Поплавок безбрежной рыбацкой сети смыслов – таким Есин видит себя совершенно правомерно, памятуя ещё о любимой им Айрис Мёрдок с её метафорой глобальной паутины. Стекляшка с Камчатки с налипшими вещами-ракушками, моллюсками-впечатлениями – вот естество нового русского монологического романа, в намоленной тишине которого течение одинокой речи не может быть перебито никем и ничем. «Опись…» – молитва в личной часовне, которой для русского человека стала квартира. Это принципиально, как выходные данные.

 

Его долго носило по волнам,

потом выкинуло на берег

 

Ближе к восьмидесяти человек, сохранивший здоровье, бодрость (что бы там ни говорили периодические хворобы), ясность ума, имеет право задать бытию основной, лермонтовский вопрос – зачем?

Зачем Создатель выдерживает меня здесь так долго?

Во имя чего я носился, для кого подмечал, кому теперь расскажу о том, что видел, понял, узнал?

Вот он, передо мной, мой последний берег, а я до сих пор не знаю, где уготовано мне закрыть глаза, здесь ли, в поездке по миру, за преподавательским столом в Литинституте, в театре напротив? Каков смысл – моего прихода сюда, ухода моего отсюда?

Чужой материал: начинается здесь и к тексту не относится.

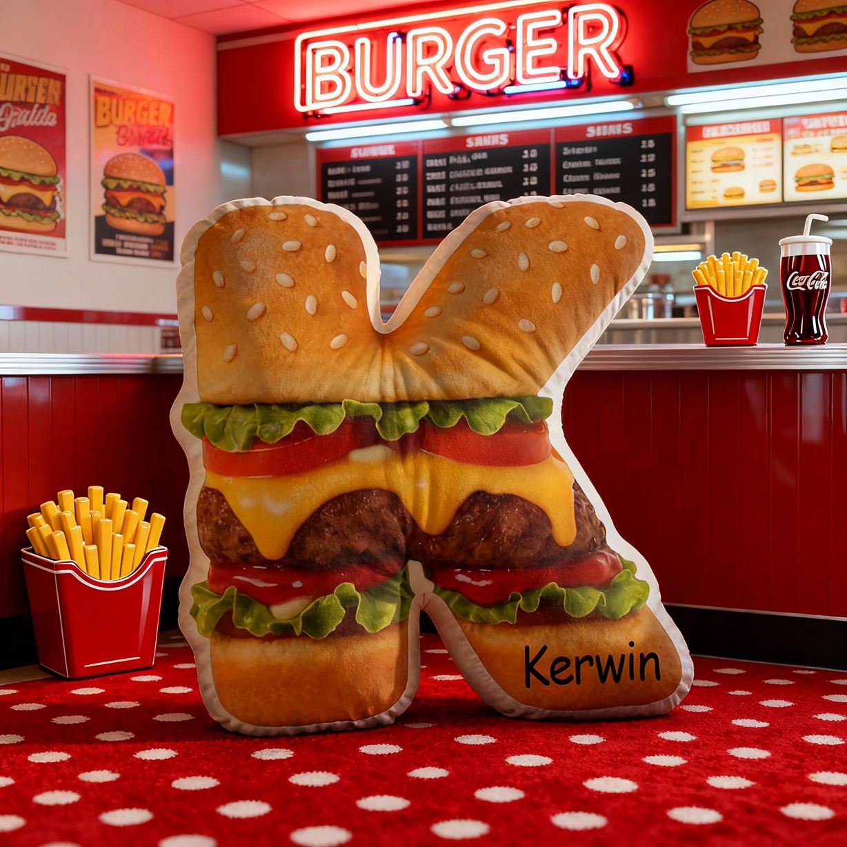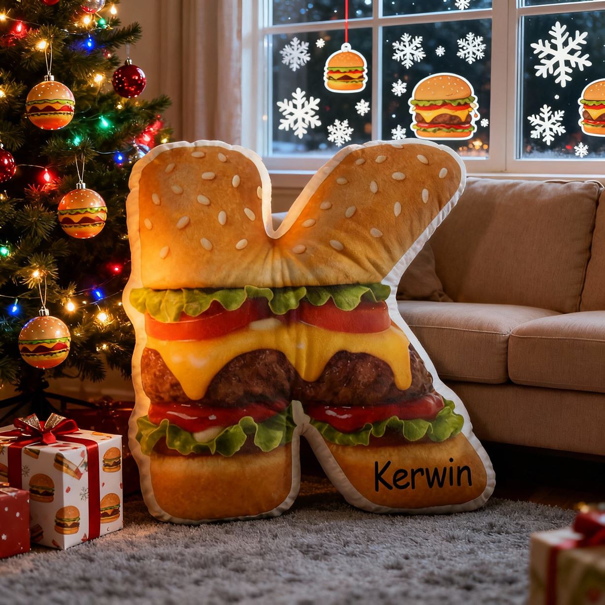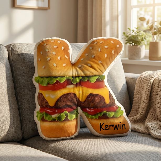 Personalized 3D Letter Pillow Hamburger Print Pillow Funny Fabric Cushion for Kids

Только долгая жизнь имеет право на такой вопрос. И, конечно же, ответ, на который иконы, по обыкновению своему, смолчат, а облупленные со всех сторон друзья только ниже опустят голову.

 

                                                                                   ***

 

Я не мог не взяться сочувствовать этой книге: наши первые впечатления с Есиным едины. Берег Азовского моря, купание с отцом, нахлынувшие отовсюду запахи, звуки, пробуждение сознания – и невесомость, вечность, бессмертие.

 

Ощущение счастья и полёта

осталось навсегда

 

По праву пережившего то же самое рискну говорить за нас двоих: именно этого мы – я и Есин – будем ожидать от Рая. Возможно, вместо шеи отца будет шея Отца всеобщего, но ниже, мельче взять уже невозможно – только это.

 

                                                                                    ***

 

Портрет матери, трюмо, которое, «наверно, ещё до сих пор в частицах своей амальгамы хранит облики тёти Вали, а потом матери и облик моей покойной жены», вазы, сервизы – почему именно они? И не они ли тайно выстраивали жизнь, подчиняя её каким-то своим неведомым, но жёстким правилам?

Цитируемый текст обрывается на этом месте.